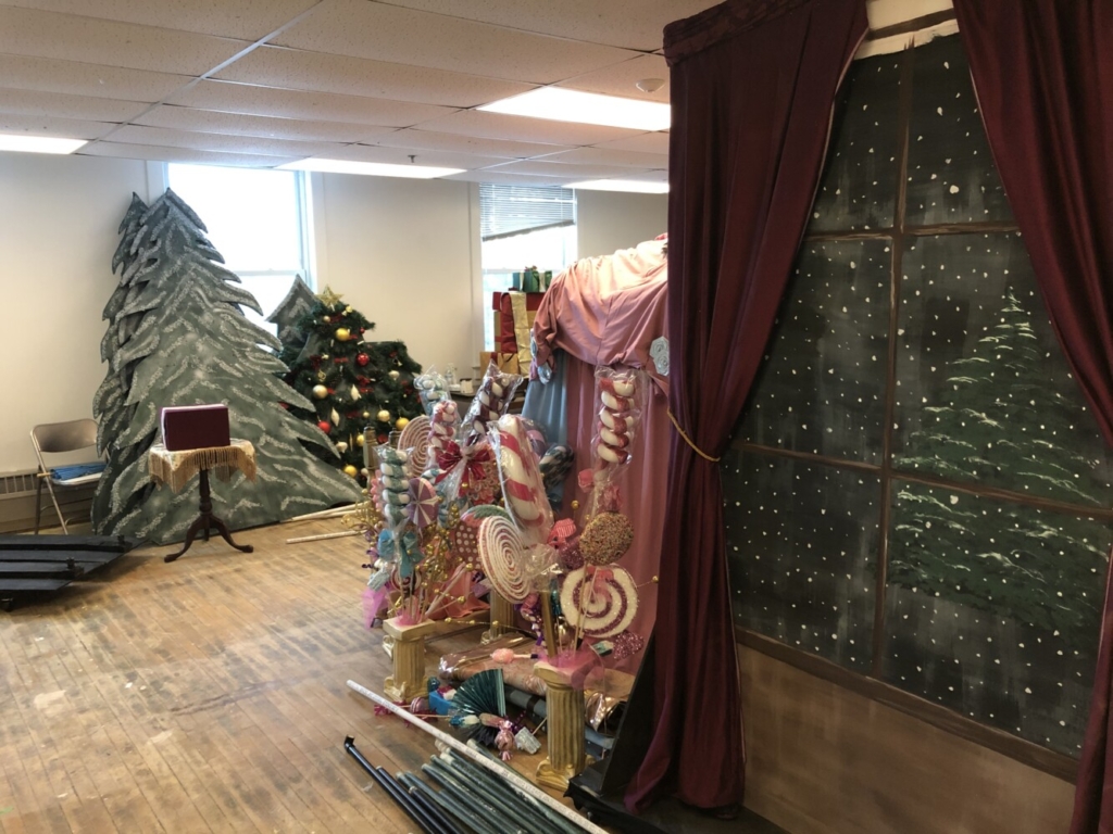 A room at the Gendron Franco Center in Lewiston is full of props for the filming of “A Nutcracker Christmas” by The Dance Studio of Auburn. Amelia Pullen photo
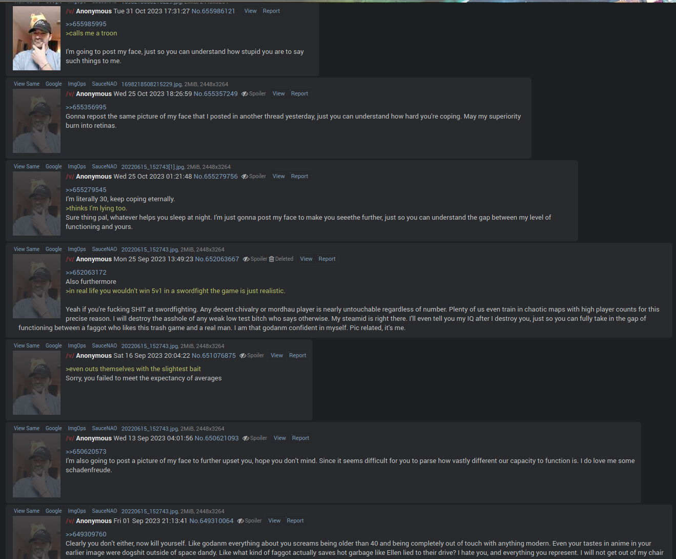 >>725588875This is the same guy who unironically typed this to the dev>I would rape you to death, never attend a gaming convention, I will be at every single one hoping I can find you and murder you for shitting up my eyeballs with your bullshit actionsAnd my personal favourite>My IQ is in the genius rangeWe're dealing with a manchild who was dropped on the head as a kid and has never recovered.
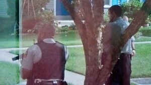 A few minutes later, Officer Rodney Barnes, a trained police negotiator, arrived, and as the four other policemen stood close behind him with weapons drawn, he began trying to coax John Geer out onto the porch.
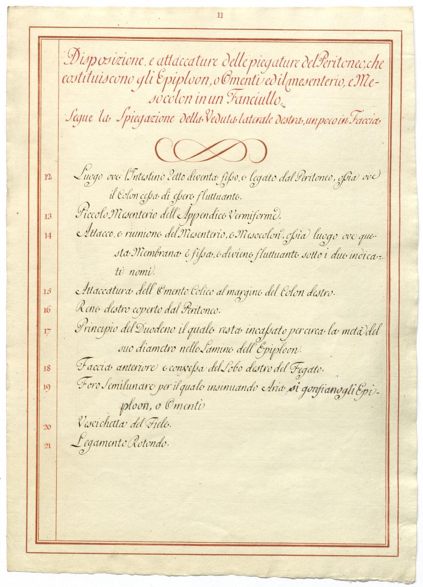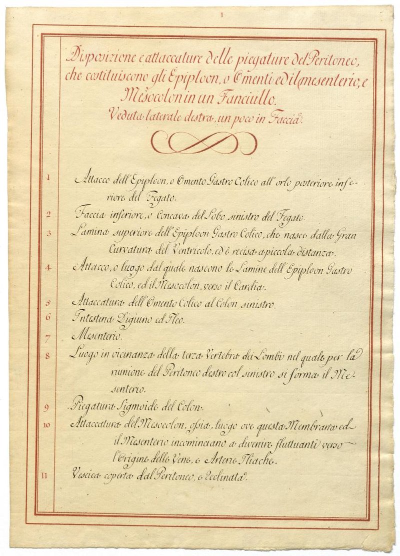 Der Text ist die ergänzende Beschreibung in italienischer Sprache zum anatomischen Wachsmodell der Gefäße des Bauchraums.
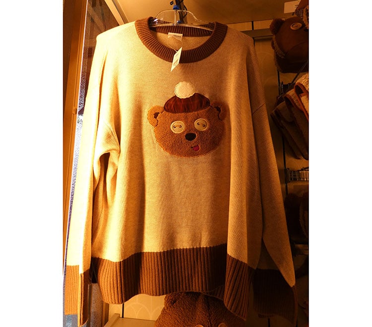 冬のマストアイテム、ニットにかわいいティムのアップリケが付いています。
- - -
**Exercise**
An exact copy of every entry above is needed, minus the pictures.

**Finished task**
 A room at the Gendron Franco Center in Lewiston is full of props for the filming of “A Nutcracker Christmas” by The Dance Studio of Auburn. Amelia Pullen photo
 >>725588875This is the same guy who unironically typed this to the dev>I would rape you to death, never attend a gaming convention, I will be at every single one hoping I can find you and murder you for shitting up my eyeballs with your bullshit actionsAnd my personal favourite>My IQ is in the genius rangeWe're dealing with a manchild who was dropped on the head as a kid and has never recovered.
 A few minutes later, Officer Rodney Barnes, a trained police negotiator, arrived, and as the four other policemen stood close behind him with weapons drawn, he began trying to coax John Geer out onto the porch.
 Der Text ist die ergänzende Beschreibung in italienischer Sprache zum anatomischen Wachsmodell der Gefäße des Bauchraums.
 冬のマストアイテム、ニットにかわいいティムのアップリケが付いています。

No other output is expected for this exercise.